• Task item
Whenever a picture appears in the data, skip it and write out all other material exactly.

◆ ◆ ◆ ◆

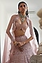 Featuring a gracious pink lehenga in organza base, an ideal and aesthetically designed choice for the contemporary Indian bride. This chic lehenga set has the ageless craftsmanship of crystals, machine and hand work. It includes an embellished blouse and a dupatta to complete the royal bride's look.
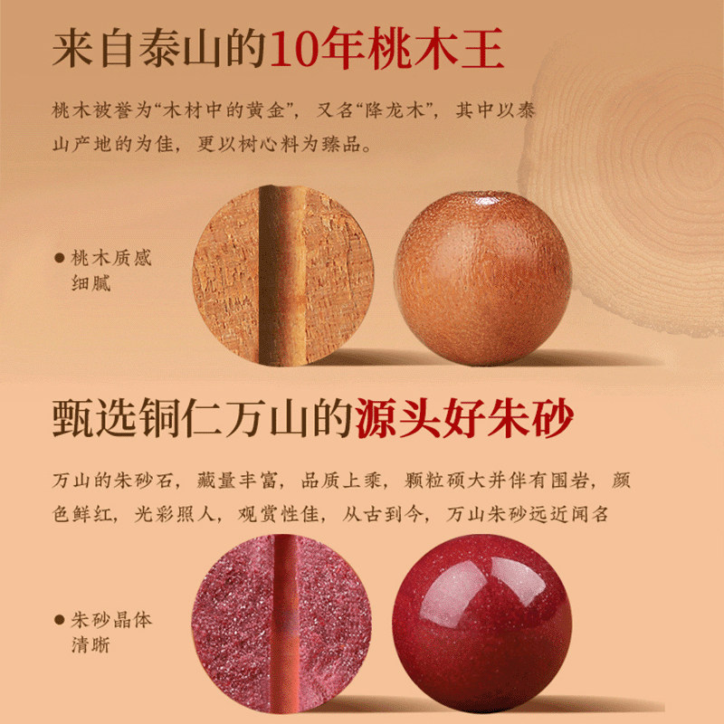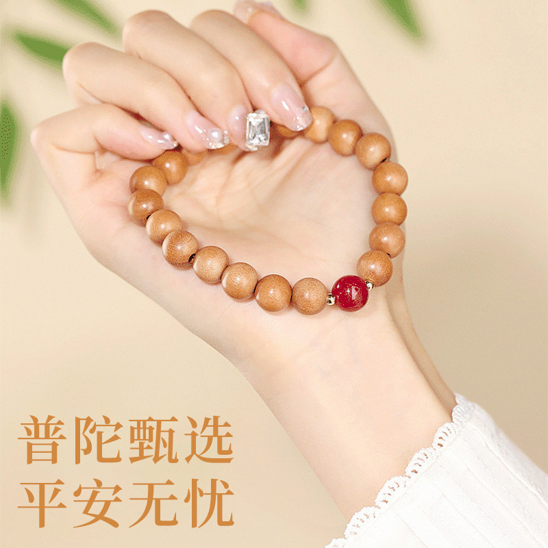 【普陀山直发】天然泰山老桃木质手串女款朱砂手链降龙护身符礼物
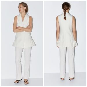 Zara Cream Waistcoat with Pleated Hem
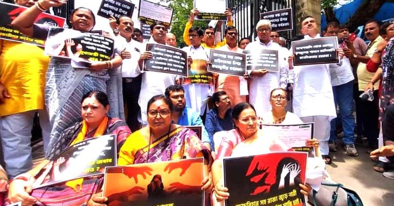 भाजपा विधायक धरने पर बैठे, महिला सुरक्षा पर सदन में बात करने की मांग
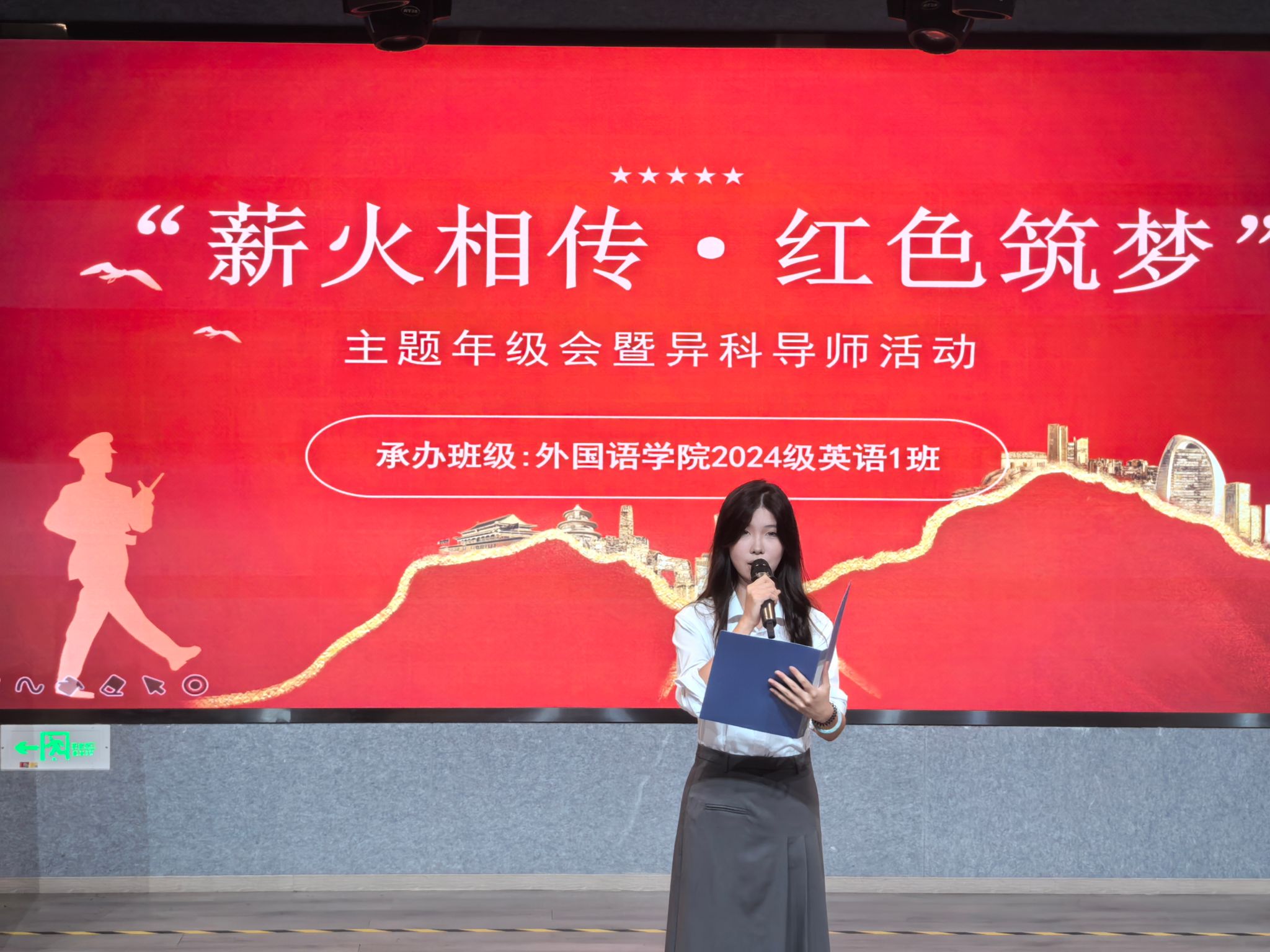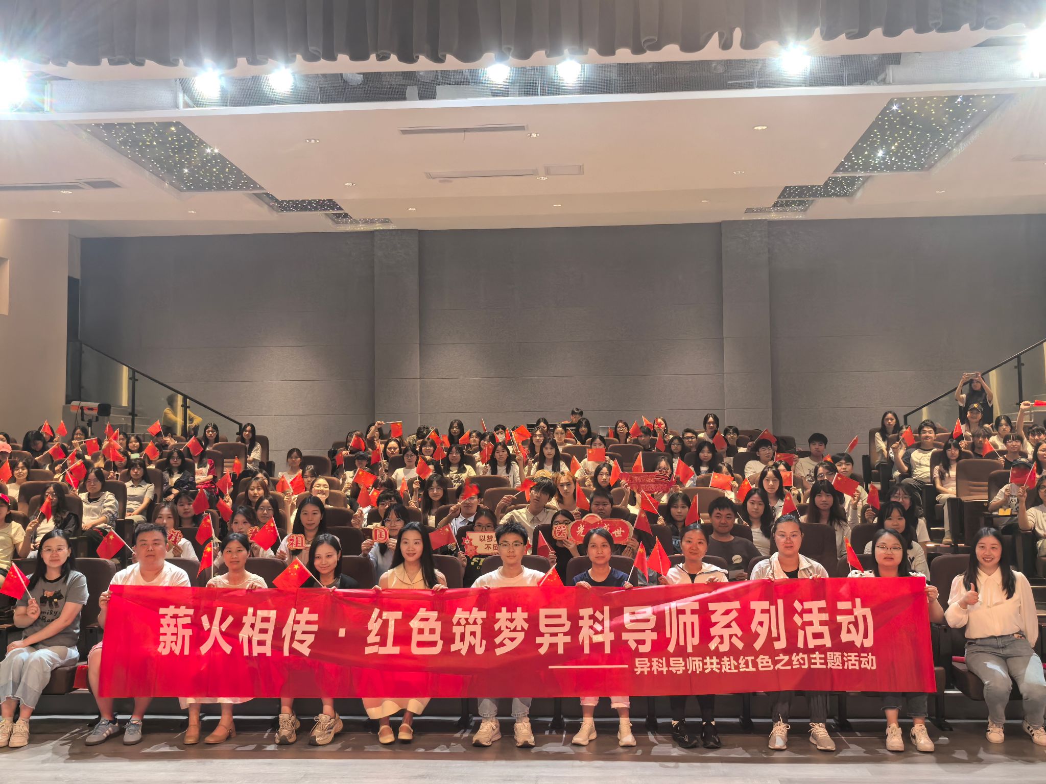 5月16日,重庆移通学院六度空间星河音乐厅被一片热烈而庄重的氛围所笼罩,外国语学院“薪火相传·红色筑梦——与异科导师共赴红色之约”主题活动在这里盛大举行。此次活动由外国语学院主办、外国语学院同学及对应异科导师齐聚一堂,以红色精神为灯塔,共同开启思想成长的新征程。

◆ ◆ ◆ ◆

• Result for this exercise
 Featuring a gracious pink lehenga in organza base, an ideal and aesthetically designed choice for the contemporary Indian bride. This chic lehenga set has the ageless craftsmanship of crystals, machine and hand work. It includes an embellished blouse and a dupatta to complete the royal bride's look.
 【普陀山直发】天然泰山老桃木质手串女款朱砂手链降龙护身符礼物
 Zara Cream Waistcoat with Pleated Hem
 भाजपा विधायक धरने पर बैठे, महिला सुरक्षा पर सदन में बात करने की मांग
 5月16日,重庆移通学院六度空间星河音乐厅被一片热烈而庄重的氛围所笼罩,外国语学院“薪火相传·红色筑梦——与异科导师共赴红色之约”主题活动在这里盛大举行。此次活动由外国语学院主办、外国语学院同学及对应异科导师齐聚一堂,以红色精神为灯塔,共同开启思想成长的新征程。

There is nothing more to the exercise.